Bootstrap anchor. The bootstrap mean of means prints as the locked steps_k mean \(7.45\); the endpoints (\(\approx 7.24\) to \(7.66\)) and SE (\(\approx 0.108\)) are notional, not locked.
No unexpected log lines. No ERROR: Data set is not sorted (you sorted by rep), no WARNING: ... repeats of BY values (you used PROC SQL/sorted keys elsewhere in the workflow), and the ods listing close; kept the 10,000 tables off the screen.

If all of these hold, the numbers are trustworthy as a simulation — separate from the truth of the underlying study, which is synthetic and observational. Even a 99%-powered detection of the arm difference is an association, not evidence that coaching causes lower blood pressure, and an odds ratio elsewhere in the course is not a risk ratio.

AI use note

If you use an AI assistant on this lab, record its use and — the load-bearing line — how you verified its output yourself. An assistant can write a do rep loop or an ods output statement, but you confirm the replicate count off the log and that power lands at the locked \(0.99\).

Tool	Purpose	Verification
(which assistant, with approx. date/version)	drafting the `do rep = 1 to 10000;` simulation loop	confirmed `WORK.SIM` log count \(= 10{,}000 \times 198 = 1{,}980{,}000\)
(same)	explaining `ods output ttests=` and the pooled vs Satterthwaite rows	confirmed `WORK.TT` has \(20{,}000\) rows and kept only `variances = "Equal"`
(same)	debugging the SURVEYSELECT bootstrap (`method=urs`, `outhits`)	confirmed `WORK.BOOT` \(= 198 \times 2000\) and the mean of means \(= 7.45\)

Verification is the habit the course is built on: a rendered code block proves nothing; the log count, the replicate structure, and the match to the locked \(0.99\) / \(0.05\) / \(0.58\) are what make the result yours.

Verification & reproducibility status

verified: false. The SAS code, the log excerpts, and every numeric value on this page are hand-authored, synthetic, and were NOT run — SAS is proprietary and is not executed in this build environment, so the course SAS execution/output gate is BLOCKED. A rendered, syntax-highlighted code block or a typed listing is not evidence that the program runs or that the numbers are right.

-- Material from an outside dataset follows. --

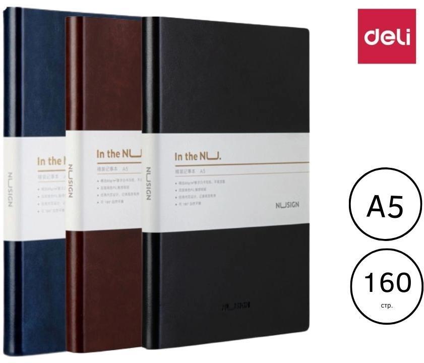 ბლოკნოტი ტყავის ელასტიური ყდით Deli 210x140მმ 80გ/მ² A5 160 ფურცელი (ფერი შეიძლება განსხვავდებოდეს)

The load-bearing values here — the empirical power \(\approx 0.99\), the empirical Type I rate \(\approx 0.05\), the sampling-distribution mean \(\approx 128.4\) with SE \(\approx 0.58\) (\(= 14.2 / \sqrt{594}\), from the \(594\)-reading whole-cohort model), the simulation row counts (\(10{,}000\) replicates \(\times 198 = 1{,}980{,}000\) rows in WORK.SIM; \(20{,}000\) rows in the captured t-test output; \(10{,}000 \times 594 = 5{,}940{,}000\) rows in WORK.SAMPDIST; \(396{,}000\) rows in the \(2{,}000\)-replicate bootstrap), the locked arm means (\(125.9\) vs \(130.8\), \(\Delta \approx -4.9\), pooled SD \(\approx 12\)), and the transfer bootstrap figures for steps_k (notional, not locked, around the locked mean \(7.45\)) — are drafted “as if run” and are synthetic (the wellness-program study, seed streaminit(20260824) / seed=20260824), representing no real health data, with the analysis observational (any arm difference is an association, not a causal effect). Do not treat any value here as a confirmed reference until the human/SAS-run sign-off in the course’s private notation and verification ledger §5 is complete.

The graded deliverable, its rubric, and due date live in Blackboard (the LMS) — this page is study and practice only. All numbers are synthetic and verified: false; the SAS execution/output gate is blocked pending sign-off.